Innovation, improvement and sustainability

  • The trust was a Vanguard site andworked in partnership with DH developing the ‘Model Hospital’ concept which supported the capacity and flow work stream within the Trust’s ‘High Quality Costs Care Costs Less’ programme.

  • The trust was progressing a joint venture with the University of Chester to develop a Centre for Integrated Healthcare Science at Bache Hall that included new undergraduate and postgraduate medical education schemes.

  • It was envisaged that this venture would also increase the trusts research and development capacity and capability.

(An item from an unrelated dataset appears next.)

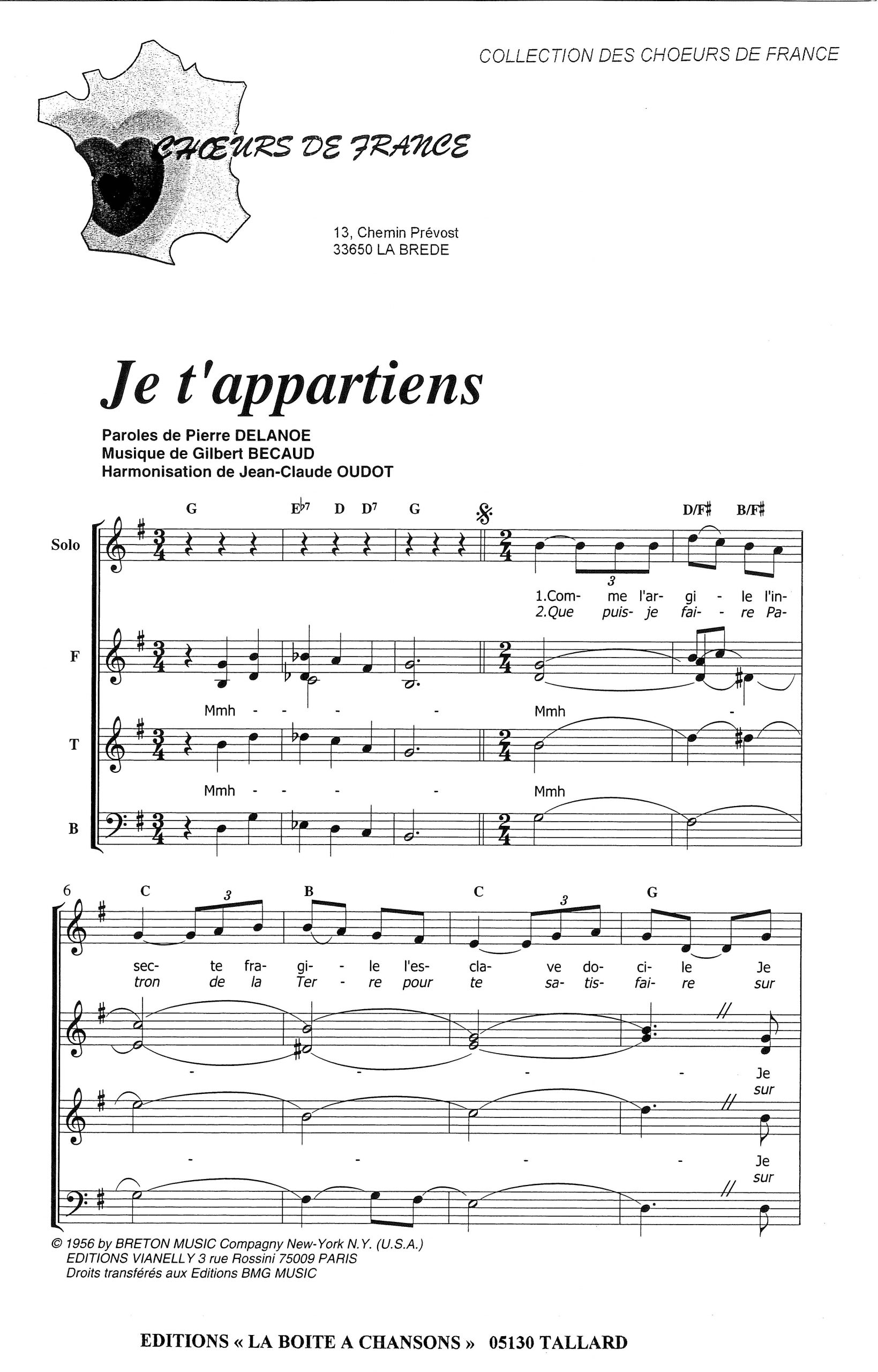 Paroles et musique de DELANOE/BECAUD Harmonisation : Jean Claude OUDOT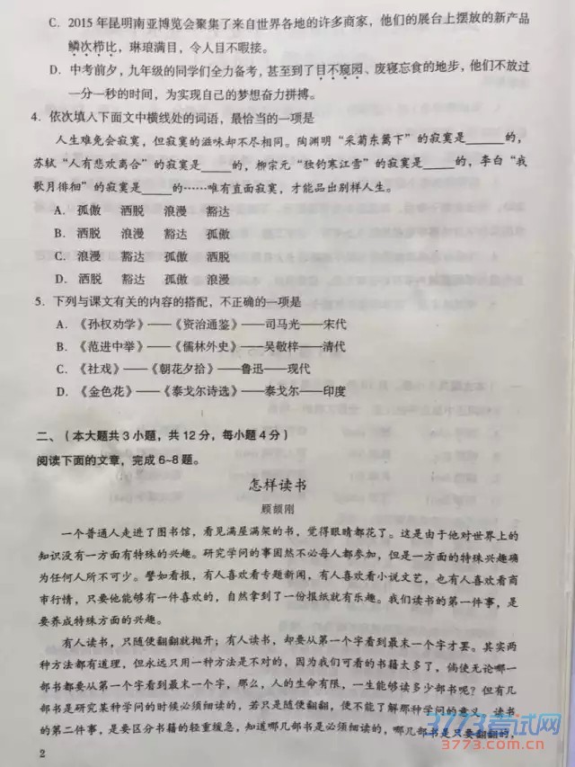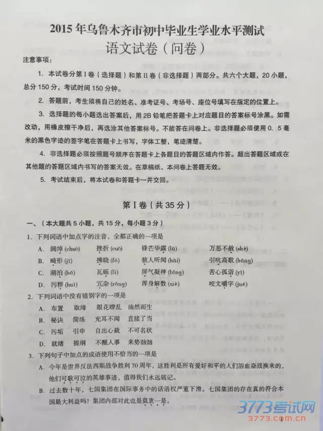公布新疆中考试题、答案和中考作文。祝各位考生都能取得好的成绩。2015年新疆中考语文试题及答案(图片版):

  • The Stroke service were recently awarded the innovative Team of the Year 2015 award by North West Coast Research and Innovation Awards for the work the team had undertaken to develop a robust auditing tool.

  • To meet the needs of the increasing elderly population and to assist in patient flow the trust had introduced the GP to clinician screen and was working collaboratively with other agencies in delivering the discharge to assess (DTA) project which included introduction of frailty ward at the Countess of Chester Hospital and the GP led ward at Ellesmere Port hospital.